What Mutual Aid Is (and Isn't): Understanding the political nature of care work.
Mutual aid isn't charity—it's political work that builds solidarity and challenges capitalism.

Book summary
by Dean Spade
Building Solidarity During This Crisis (and the Next)
A playbook on designing care networks that outlast elections.
Topics
Collect the neighborhood-level rituals and note the checklists at the end of each chapter. Use Readever to schedule those rituals with your own pods and to archive the supporting evidence for future budget requests.
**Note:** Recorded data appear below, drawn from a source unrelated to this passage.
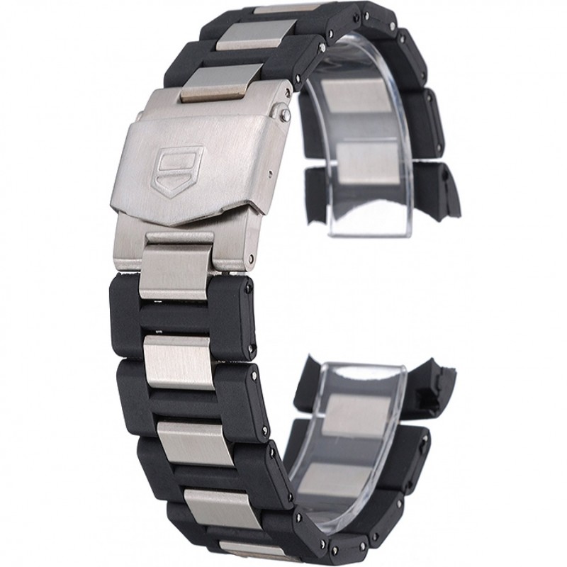Barato Tag Heuer acero inoxidable plateado y pulsera de goma Negro 622501
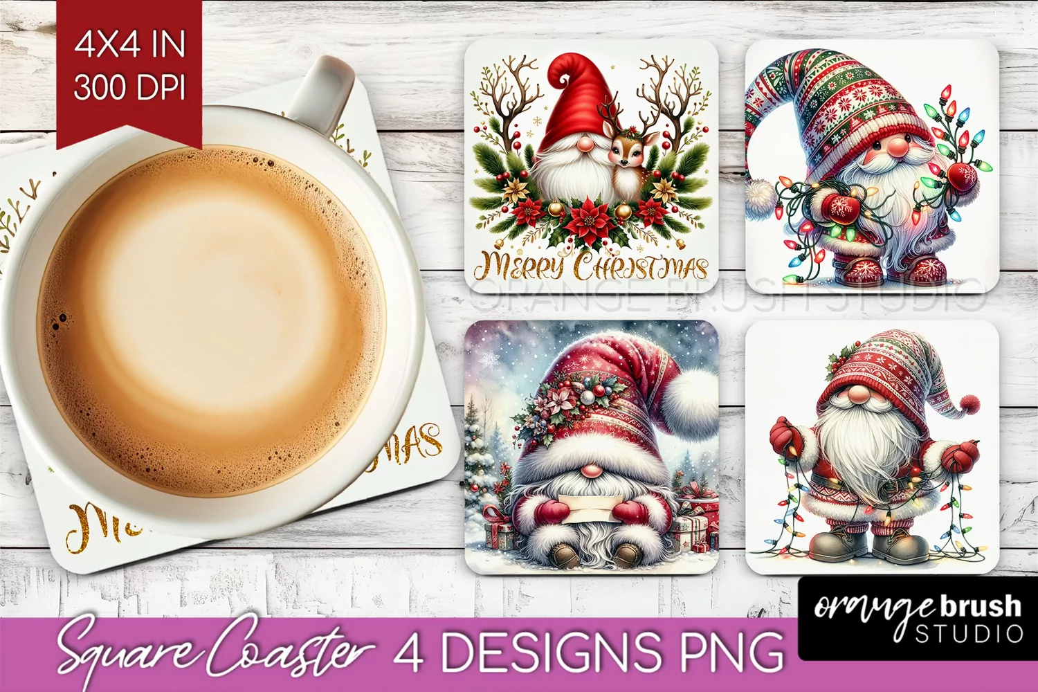 Christmas Gnome Square Coaster - Cute Gnome Coaster PNG example image 1
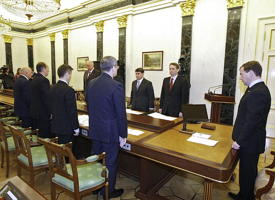 圖為俄羅斯總統(tǒng)梅德韋杰夫在召開會議前為爆炸遇難者默哀。
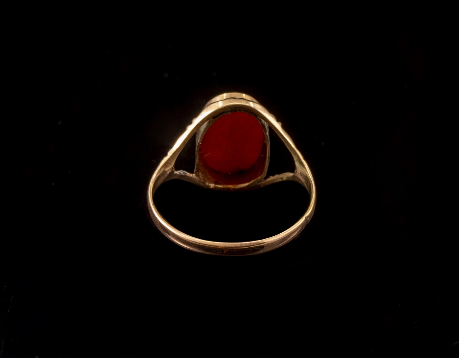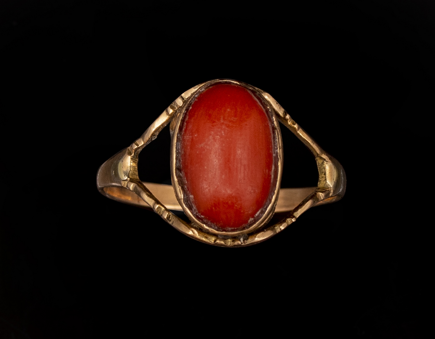טבעת זהב 14K משובצת קורל (11X8 מ»מ). מידה: 8 US, משקל: 2.4 גרם. לא חתומה, הזהב נבדק.
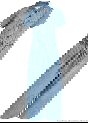Distressed Cotton-Trimmed Denim Maxi Skirt
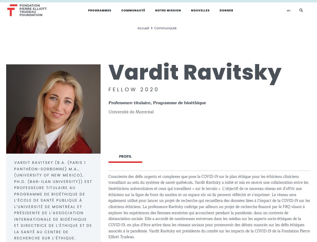 Mme Ravitsky ne siège, même pas sur le conseil d'administration de la Fondation Pierre-Élliotte Trudeau, Ravitsky est présidente du comité sur les impacts de la COVID-19 de la Fondation Pierre Elliott Trudeau, on comprend exactement pourquoi elle mentionne cela, surtout à La Presse Canadienne qui est financée par le bureau Trudeau !

Focus on understanding the practical organizing principles Spade outlines and how to adapt them to your specific community context.
Things to know before reading
Dean Spade provides a practical guide to building mutual aid networks that can sustain communities through crises and build lasting solidarity. The book shows how ordinary people can create systems of care that meet immediate needs while challenging the extractive logic of capitalism and building power for long-term transformation.
*Mutual Aid: Building Solidarity During This Crisis* provides a practical guide to building community care networks that can meet immediate needs while building lasting solidarity and political power.
Mutual aid isn't charity—it's political work that builds solidarity and challenges capitalism.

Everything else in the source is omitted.